The device according to claim 18, wherein the first convolution processing subunit is further configured to: adjust the dimension of the aligned convolution kernel so that the number of channels of the aligned convolution kernel is the same as the N-th The number of channels of the characteristic image of one frame of image is the same; and the pixel points of the characteristic image of the image after the deblurring of the N-1th frame are convolved by the aligned convolution check after adjusting the dimensions to obtain the The second feature image.
The device according to claim 19, wherein the second processing unit is configured to: perform fusion processing on the first feature image and the second feature image to obtain a third feature image; and The characteristic image is decoded to obtain the deblurred image of the Nth frame.
The apparatus according to claim 15, wherein the first convolution processing subunit is further configured to deblur the Nth frame image, the N-1th frame image, and the N-1th frame The processed image is superimposed in the channel dimension to obtain the image to be processed; and the image to be processed is encoded to obtain a fourth characteristic image; and the fourth characteristic image is convolved to obtain A fifth characteristic image; and adjusting the number of channels of the fifth characteristic image to a first preset value through convolution processing to obtain the aligned convolution kernel.
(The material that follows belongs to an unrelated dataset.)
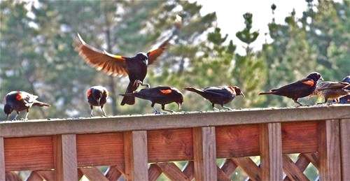 Redwing Blackbirds eating birdseed on the railing of our deck.

22. The device of claim 21, wherein the first convolution processing subunit is further configured to adjust the number of channels of the aligned convolution kernel to a second preset value through convolution processing to obtain a sixth feature Image; and performing fusion processing on the fourth feature image and the sixth feature image to obtain a seventh feature image; and performing convolution processing on the seventh feature image to extract the N-1th frame to The deblurring information of the pixels of the image after the blur processing relative to the pixels of the N-1th frame image is obtained to obtain the deblurring convolution kernel.
The device according to claim 22, wherein the first convolution processing subunit is further configured to: perform convolution processing on the seventh feature image to obtain an eighth feature image; and perform convolution processing on the The number of channels of the eighth characteristic image is adjusted to the first preset value to obtain the deblurring convolution kernel.
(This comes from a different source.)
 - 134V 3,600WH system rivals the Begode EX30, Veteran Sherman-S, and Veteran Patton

The method according to claim 20, wherein the second processing unit is further configured to: perform deconvolution processing on the third feature image to obtain a ninth feature image; and perform convolution on the ninth feature image Product processing to obtain a decoded image of the Nth frame; and add the pixel value of the first pixel of the Nth frame of image to the pixel value of the second pixel of the image of the Nth frame of decoded , To obtain the deblurred image of the Nth frame, wherein the position of the first pixel in the Nth frame of image and the second pixel in the Nth frame of the decoded image In the same position.
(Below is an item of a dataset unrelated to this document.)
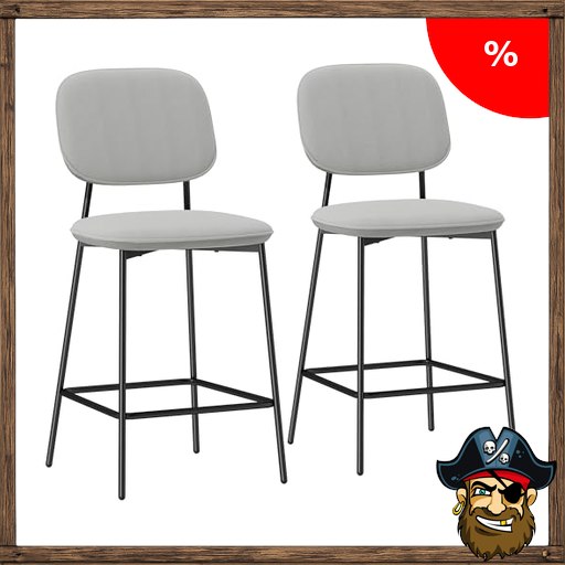 HOMCOM Pirate-Deal$s 2er-Set Barhocker, Bistrohocker mit Fußstütze, Barstuhl, Samt-Bezug, Küchenstuhl mit Rückenlehne, Tresenhocker-Set mit Stahlbeinen für Wohnzimmer, Esszimmer, Hellgrau, 45 x 49 x 102 cm

A processor configured to execute the method according to any one of claims 1 to 12.
An electronic device, comprising: a processor, an input device, an output device, and a memory. The processor, the input device, the output device and the memory are connected to each other, and the memory stores program instructions; the program instructions are processed by the When the processor is executed, the processor is caused to execute the method according to any one of claims 1 to 12.
A computer-readable storage medium in which a computer program is stored. The computer program includes program instructions that, when executed by a processor of an electronic device, cause the processor to execute rights The method of any one of 1 to 12 is required.